▸ **Problem details**: Line by line, repeat the data below exactly, beginning at the first line and ending at the line with "Cozinha Modulada Completa". Omit pictures.

▸ **Input data**:

+++++

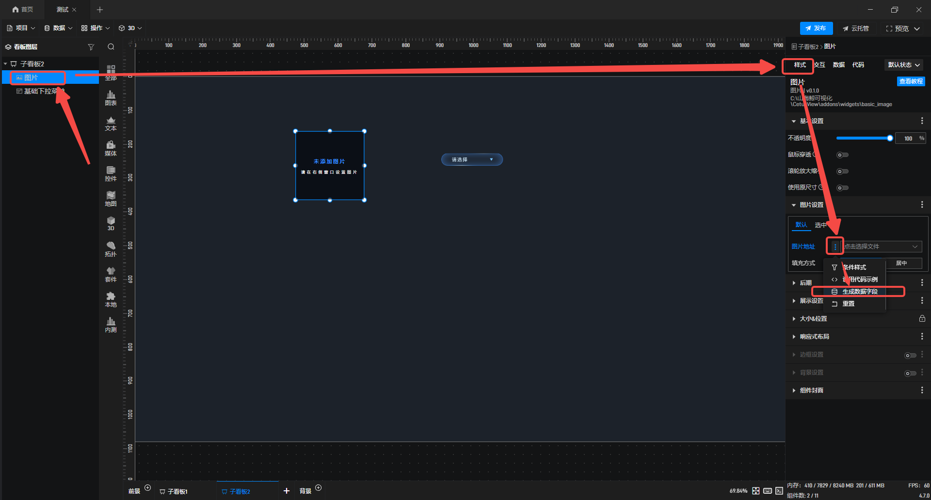 选中图片组件,在右侧“样式”配置栏中找到“图片地址”,点击其“扩展选项”并选择“生成数据字段”。
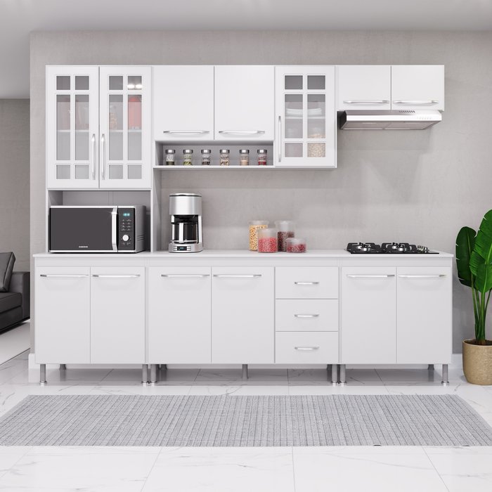 Cozinha Modulada Completa Fidelitá Viena 5 Peças 260cm 13 Portas 3 Gavetas com Tampo Branco
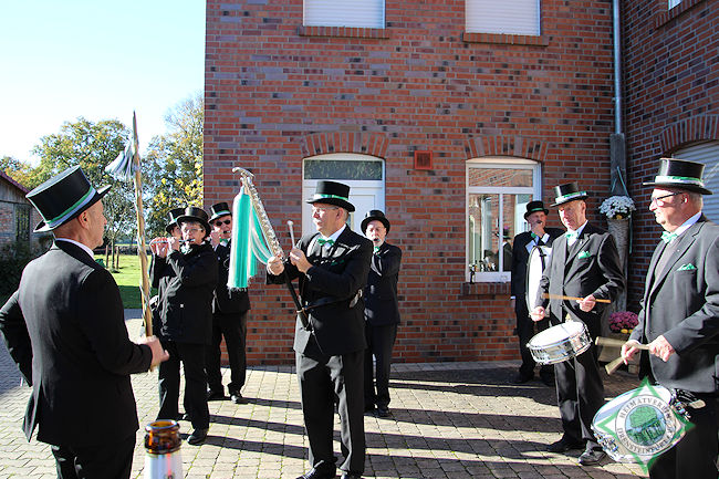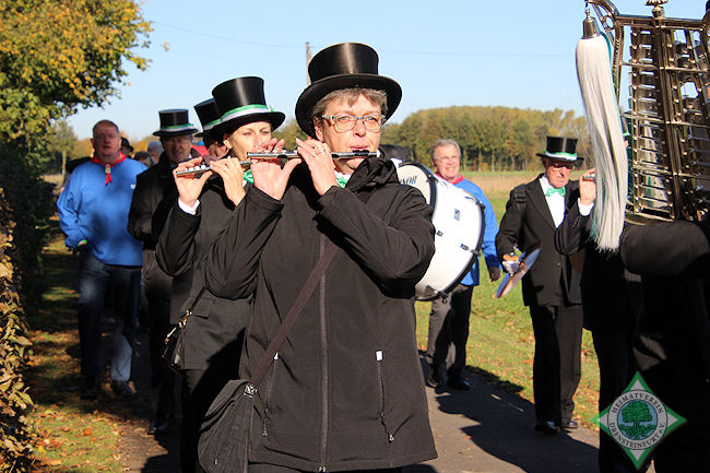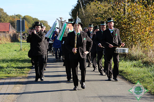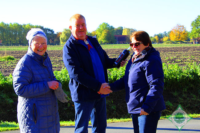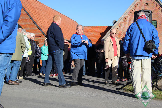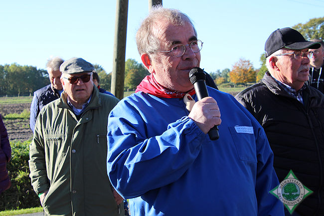 Rund 130 Drensteinfurter waren am Sonntagvormittag zum Hof Waldmann gekommen, um gemeinsam mit den Heimatfreunden den Schnadegang zu gehen. Angeführt von der Rentnerband, machten sich die Heimatfreunde und ihre Gäste bei herrlichstem Wetter auf den Weg zum Hof Brüse/Gunnemann. Hier, an der Grenze zwischen Herbern und Drensteinfurt, steht der neue, rund 400Kilogramm schwere Grenzstein, fest im Boden verankert mit einer einbetonierten, 80 Zentimeter langen Eisenstange. Bevor der Stein enthüllt wurde, gab es eine kleine musikalische Begrüßung durch die Jagdhornbläser. „Wir befinden uns hier an einer historischen Stelle“, informierte der Vorsitzend Franz-Josef Naber und verwies nicht nur auf die Stadtgrenze, sondern auch auf die Kreisgrenze zwischen Warendorf und Coesfeld und den Jakobsweg von Osnabrück nach Lünen. „Wir haben diese Stelle bewusst ausgesucht und sind der Familie Brüse/Gunnemann dankbar, dass wir den Stein hier aufstellen durften.“ Holger Martsch informierte ausführlich über die Tradition des Schnadegangs, des „Paoläsen“, und des Vermessungswesens. Bürgermeister Carsten Grawunder bedankte sich beim Heimatverein, der mit dem Schnadegang dazu beitrage, die Geschichte lebendig zu halten. „Ich hoffe, ihr habt nicht so dünne Stöckchen dabei, mit der Diät hat das nicht so geklappt“, witzelte er, mit Blick auf das Paoläsen.

+++++

▸ **Exercise output**:
 选中图片组件,在右侧“样式”配置栏中找到“图片地址”,点击其“扩展选项”并选择“生成数据字段”。
 Cozinha Modulada Completa Fidelitá Viena 5 Peças 260cm 13 Portas 3 Gavetas com Tampo Branco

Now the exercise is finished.